Task brief » The reply should contain the full listing exactly as written and no pictures at all.

Recorded data »

++++

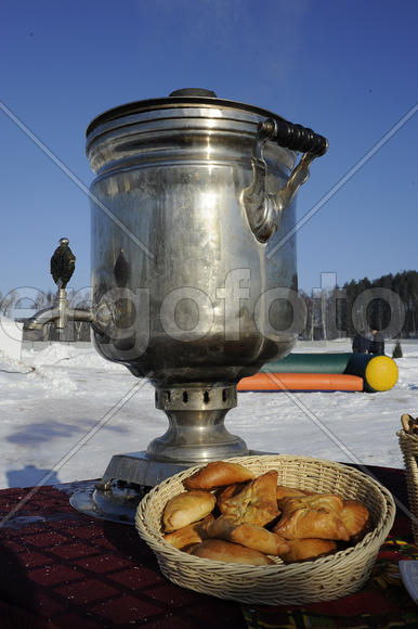 boiling samovar in a snowy field lit by the sun and a basket of cakes
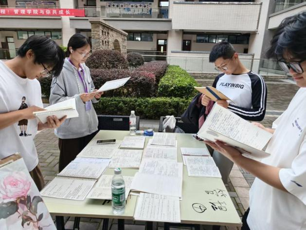 活动当天,参评的同学们前往2号学院楼提交笔记本,不少同学主动与同伴分享自己的笔记和心得,言语间满是对交流知识的渴望。尤其是大一新生,翻阅他们的笔记,能看到从“歪歪扭扭的重点标注”到“逐渐清晰的知识脉络”的变化,一笔一画都记录着他们初入大学时“把知识装进本子,也装进心里的”努力。其余展示的笔记本也各具特色,有的字迹工整、条理清晰,将知识点梳理得一目了然;有的图文并茂、重点突出,用图表与批注勾勒出知识框架;还有的融入个人思考,用独特的标注方式展现对知识的深度理解,既彰显了扎实的学习态度,也体现了个性化的思维方式与学习方法。
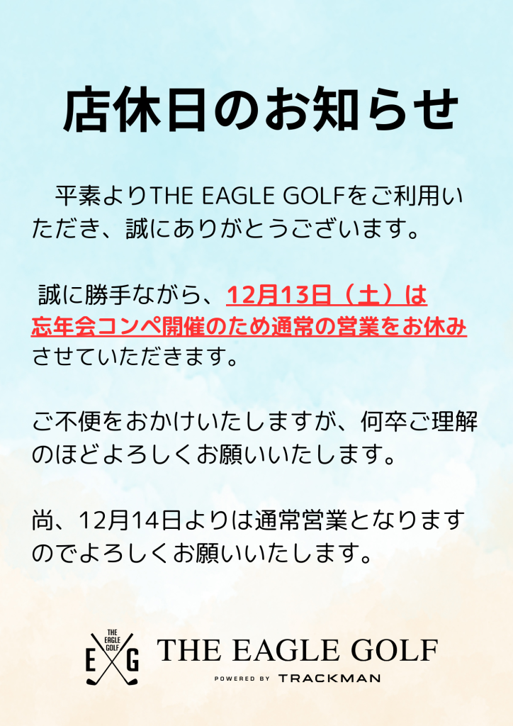12月13日は店休日です!

++++

Task solution »
 boiling samovar in a snowy field lit by the sun and a basket of cakes
 活动当天,参评的同学们前往2号学院楼提交笔记本,不少同学主动与同伴分享自己的笔记和心得,言语间满是对交流知识的渴望。尤其是大一新生,翻阅他们的笔记,能看到从“歪歪扭扭的重点标注”到“逐渐清晰的知识脉络”的变化,一笔一画都记录着他们初入大学时“把知识装进本子,也装进心里的”努力。其余展示的笔记本也各具特色,有的字迹工整、条理清晰,将知识点梳理得一目了然;有的图文并茂、重点突出,用图表与批注勾勒出知识框架;还有的融入个人思考,用独特的标注方式展现对知识的深度理解,既彰显了扎实的学习态度,也体现了个性化的思维方式与学习方法。
12月13日は店休日です!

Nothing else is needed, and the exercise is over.